Gérard Zalcman, MD, PhD, on Non–Small Cell Lung Cancer: Phase III Trial Findings on Nivolumab and Ipilimumab

ESMO Congress 2022


Gérard Zalcman, MD, PhD, of France’s Bichat-Claude Bernard Hospital, Assistance Publique–Hôpitaux de Paris, discusses phase III results from the IFCT-1701 trial, which explored the questions of whether to administer nivolumab plus ipilimumab for 6 months or whether to prolong the treatment in patients with advanced non–small cell lung cancer (Abstract 972O).
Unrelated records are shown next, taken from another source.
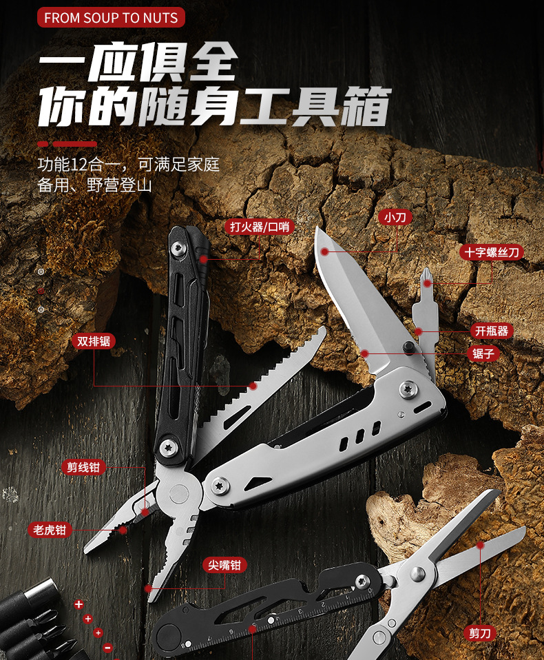 야외 다기능 도구 펜치 자동차 휴대용 접이식 펜치 캠핑 다목적 공구 벨트 부싯돌 이중 목적 절단 펜치스토어 가기
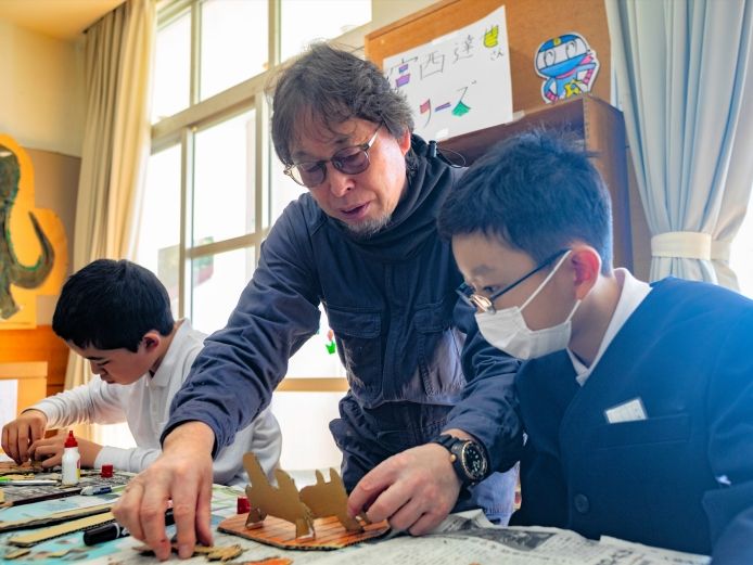 手本を見せる宮西さんの目は真剣で、小学生相手だからと妥協しない。子どもたちもそれぞれひとりのアーティストなのだ。
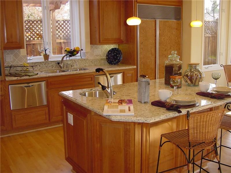 В отделке этой кухни использовался гранит Giallo Ornamentale - золотисто-бежевый, зернистый, с однородной структурой. Этот камень естественно дополняет интерьер с преобладанием желтой древесины.
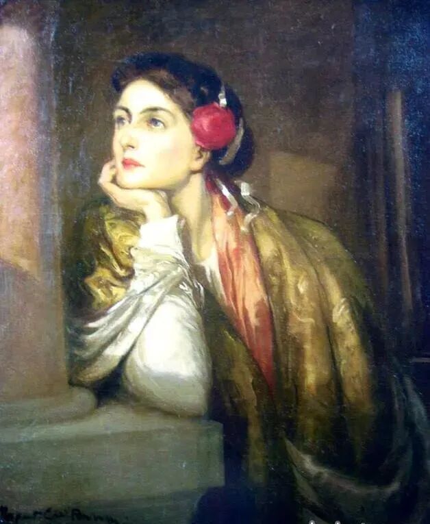 《圣塞西莉亚》,这位在阳台上托腮的美丽女子,两眼直勾勾地望着外面,不知道在思索什么!这头上戴着的红花颇有含意,也许是一名非常有名望的交际花吧,每天都在对客人迎来送往的路上,很无奈也很迷惘彷徨,不知道以后何去何从……也许可以找个好人嫁了,结束这种无着无落的生活!
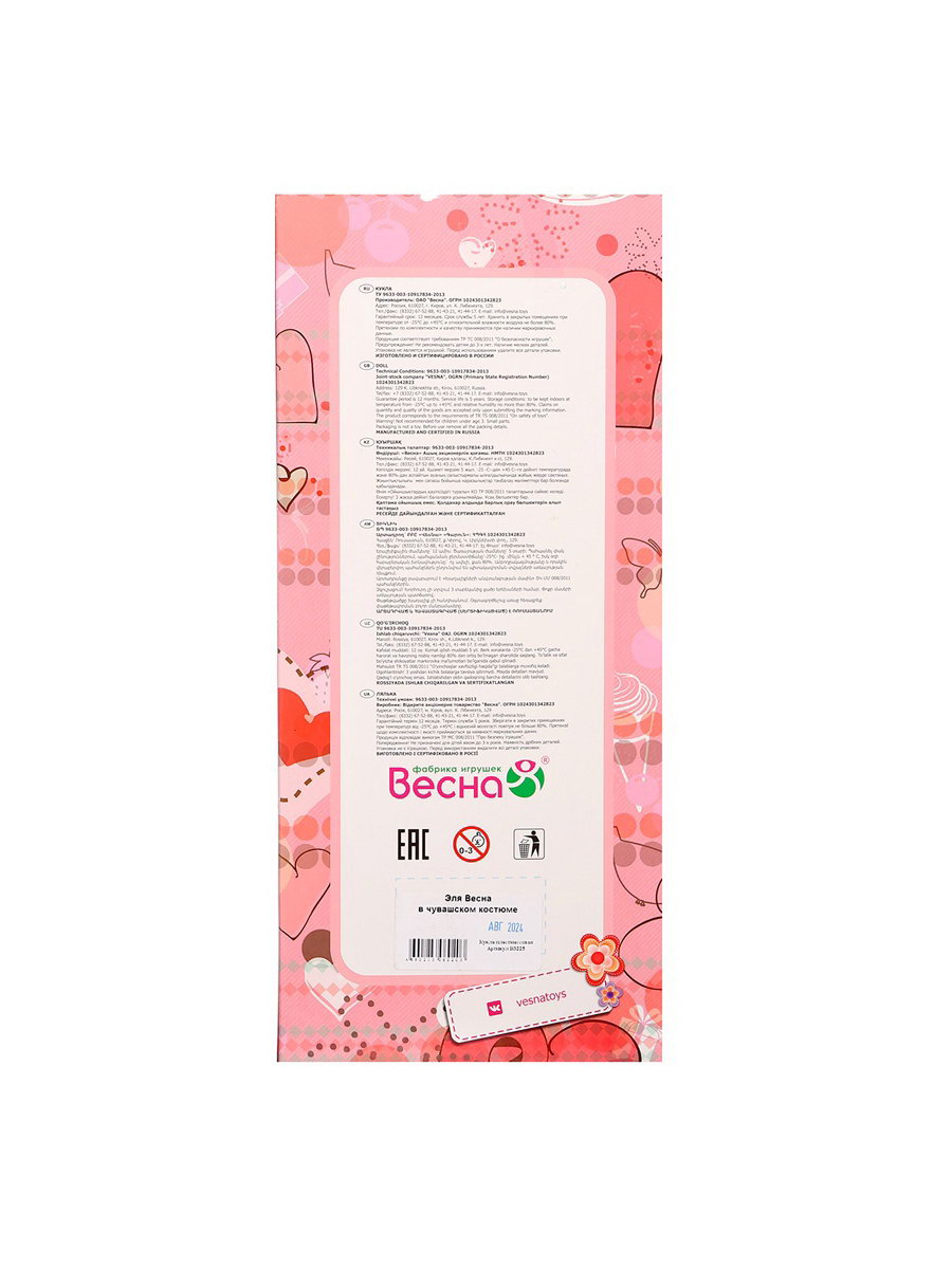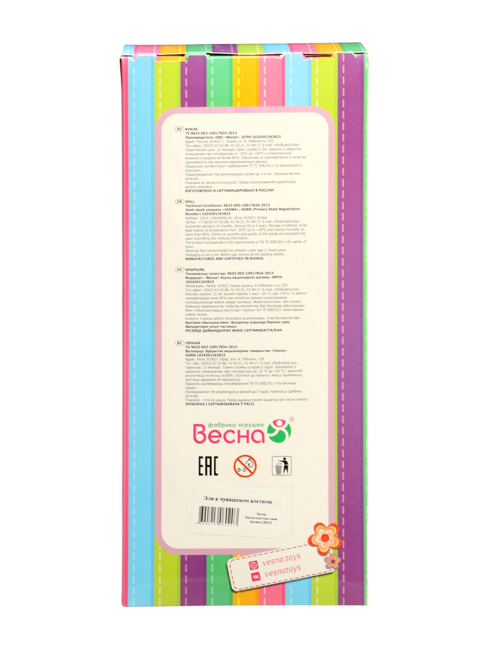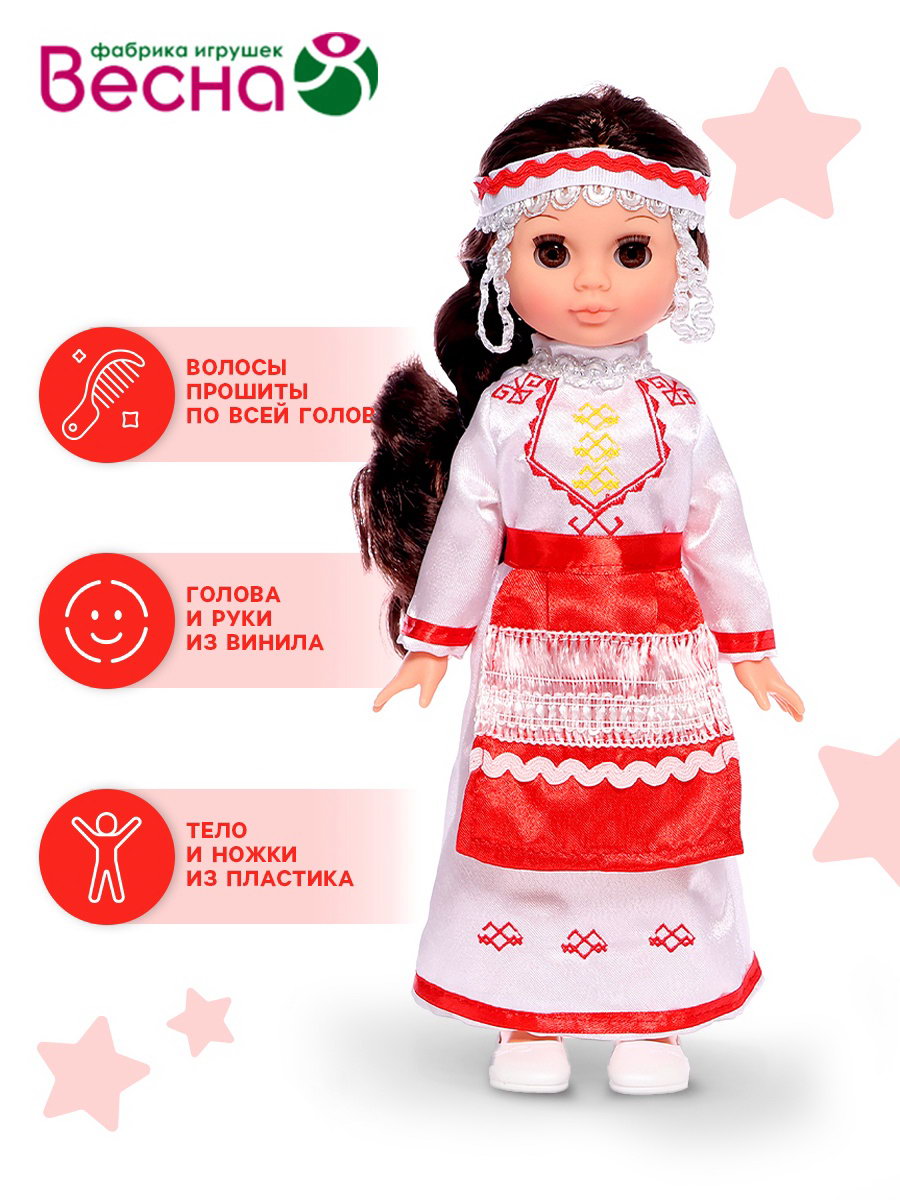 Размер упаковки: 15 x 9.5 x 34.5 см. Для кого: Для девочки tnved: 9503002000 Температурное ограничение: Нет Пол куклы: Девочка Вид упаковки: Блистер Особенности куклы: Без особенностей Высота, см: 30.5 Возраст: От 3 лет Вид: Классическая Кукла "Эля в чувашском костюме" станет настоящей подружкой для ребёнка. Кукла одета в стилизованный национальный костюм Республики Чувашия. Особенности

Disclaimer: This video transcript has not been proofread or edited and may contain errors.
Currently there is no solid evidence to justify the duration of immunotherapy in the non-small cell lung cancer. In phase one trials, the duration was set without any limit until progression or toxicity. Then it was set to five years, then two years, but again, without randomized data to justify such duration. The DICIPLE phase three trial, also entitled IFCT-1701, has had the goal to look whether a shorter duration of immunotherapy by Nivo plus Ipilimumab would be as efficient as a longer one, two years, in non-small cell lung cancer, in first-line setting. So we randomized the non-small cell lung cancer patients, metastatic patients, PS01, aged 18 to 75, with measurable disease, any PDL1 into an induction treatment by Nivo plus Ipilimumab for six months at classical dosing. And at six months, we randomized patients with disease control into a continuation arm with the standard immunotherapy, or a stop-and-go arm, where the immunotherapy was stopped, the patient were observed, and the resume immunotherapy in case of progression. Of course, in the two arm, the follow up intervals were the same. We accrued 265 patients, treated 261, but only randomized 71 patients because most of the patients progressed or exhibit toxicity precluding continuation. And unfortunately, we had to stop the trail because the Nivo plus Ipil combo will not be registered or nor reimbursed in Europe. But, the results were striking because the median PFS in the continuation arm was 20.8 months, as compared with 35 months in the stop-and-go arm. The OS results show, again, there was no deleterious effect to stop early the immunotherapy, with 18 months OS rates of 79% in the continuation arm and 94% in the stop-and-go arm. Furthermore, there were tenfold less grade three, four adverse events in the stop-and-go arm. So these results are hypothesis-generating because of the lack of statistical power, but are very provocative. And we have launched another randomized, phase three clinical trial with the very same design, meaning randomization at six months in patients with disease control, but after induction by chemo-immunotherapy. And again, it will be a non-inferiority trial. This trial is the DIAL trial, which began on March '22.